使用 Itertools 创建来自多个列表的元素组合列表

Question

I have the following:

a = [i/100 for i in range(5,105,5)]
a.append(0)
b = [i/100 for i in range(5,105,5)]
b.append(0)
c = [i/100 for i in range(5,105,5)]
c.append(0)
d = [i/100 for i in range(5,105,5)]
d.append(0)
e = [i/100 for i in range(5,105,5)]
e.append(0)

combs =  itertools.product(a,b,c,d,e)

'combs' would give me all possible combinations of a,b,c,d and e. However, I was wondering if I could combine them so that they add up to 1.

Thank you.

Answer 1

As far as I know there is no builtin way in itertools to do this. You can evidently filter the result, but this would be rather inefficient : one expects only a small amount of combinations to add up to sum .
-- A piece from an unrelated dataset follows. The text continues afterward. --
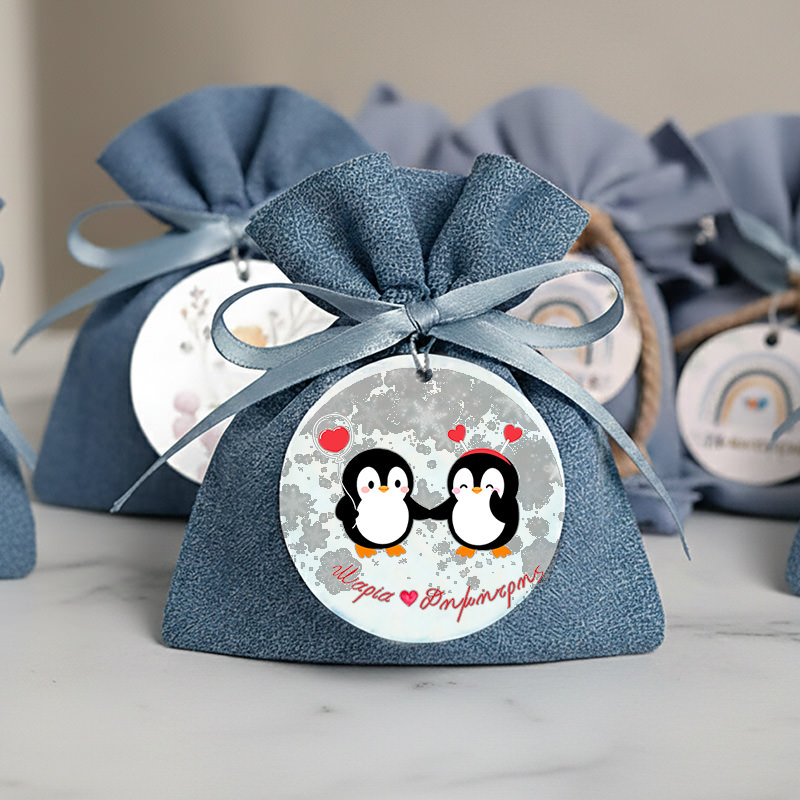 Ξύλινη Love Penguins για Μπομπονιέρες Βάπτισης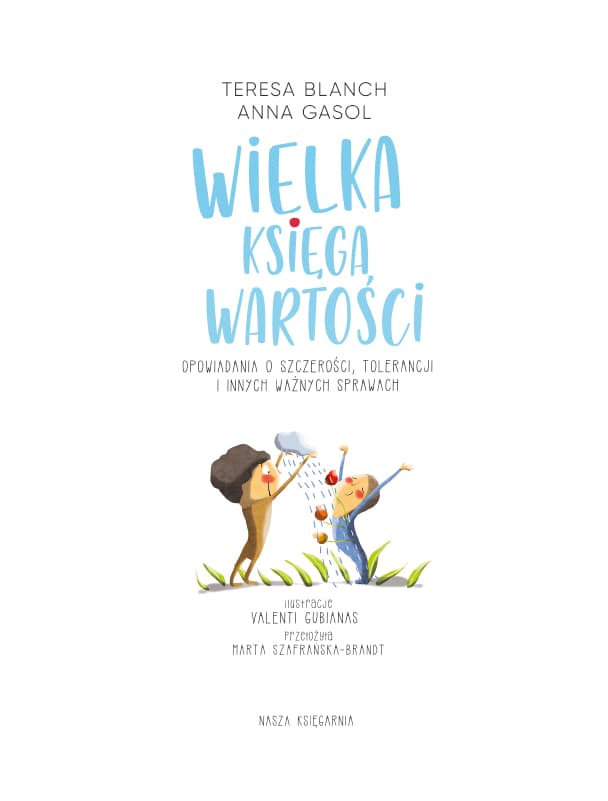 „Wielka księga wartości” to szesnaście niezwykłych opowieści, dzięki którym nauczymy się stawiać czoła trudnym sytuacjom i szukać ich rozwiązania. Dowiemy się, na czym polegają tolerancja, uprzejmość, solidarność, szczerość oraz empatia i jakie mają znaczenie w życiu każdego człowieka. Odkryjemy też, jak ważne jest akceptowanie siebie. To książka, którą można czytać bez końca. To książka, która uczy nas zrozumienia i empatii. To książka, która pokazuje, jak żyć. Przepięknie zilustrowana „Wielka księga wartości” pomoże również dorosłym, którzy chcieliby w przystępny sposób opowiedzieć dzieciom, czym kierować się w życiu. Teresa Blanch – studiowała dziennikarstwo i edytorstwo. Uzyskała stypendium niemieckiego rządu, które umożliwiło jej pracę w Międzynarodowej Bibliotece Młodzieżowej w Monachium. Obecnie współpracuje z hiszpańskimi wydawnictwami i pisuje do europejskich magazynów specjalizujących się w literaturze dziecięcej. Anna Gasol – jako dziewczynka uwielbiała słuchać historii opowiadanych przez babkę i czytać książki przygodowe. Studiowała angielski, filologię niemiecką, bibliotekoznawstwo. Pracowała jako nauczycielka oraz w bibliotece. Współpracuje z wieloma hiszpańskimi wydawcami, jest autorką licznych publikacji książkowych i prasowych dla dzieci oraz tłumaczką. Valentí Gubianas – ilustrowaniem zajął się jeszcze podczas studiów na uczelni artystycznej. Jego pierwsza książka ukazała się w 1995 roku i od tego czasu pracował dla licznych hiszpańskich wydawców. Ilustracje Valentíego Gubianasa zostały zaprezentowane na wystawie Archiginnasio podczas Targow Książki Dziecięcej w Bolonii 2017 roku.

Given all fed values are positive (zero is acceptable) however, you can use this lazy function:

def product_sum(sum,*args):
    return product_sum_intern(sum,0,0,[],*args)

def product_sum_intern(sum,cur_sum,idx,cur,*args):
    if idx >= len(args):
        if sum == cur_sum:
            yield tuple(cur)
    elif cur_sum <= sum:
        for x in args[idx]:
            cur.append(x)
            for e in product_sum_intern(sum,cur_sum+x,idx+1,cur,*args):
                yield e
            cur.pop()

For instance:

>>> list(product_sum(15,[1,12],[1,4,7],[0,3,6,7],[0,1]))
[(1, 7, 6, 1), (1, 7, 7, 0)]

this algorithm gives up on branches as soon as it finds out it is already overshooting the sum. A more advanced algorithm exists that also gives up branches if there is no way to get in reach of the sum.

Answer 2

To produce a list of all such results:

combs = [comb for comb in combs if sum(comb) ==1]

Or, if you can use a generator of that data:

combs = (comb for comb in combs if sum(comb) ==1)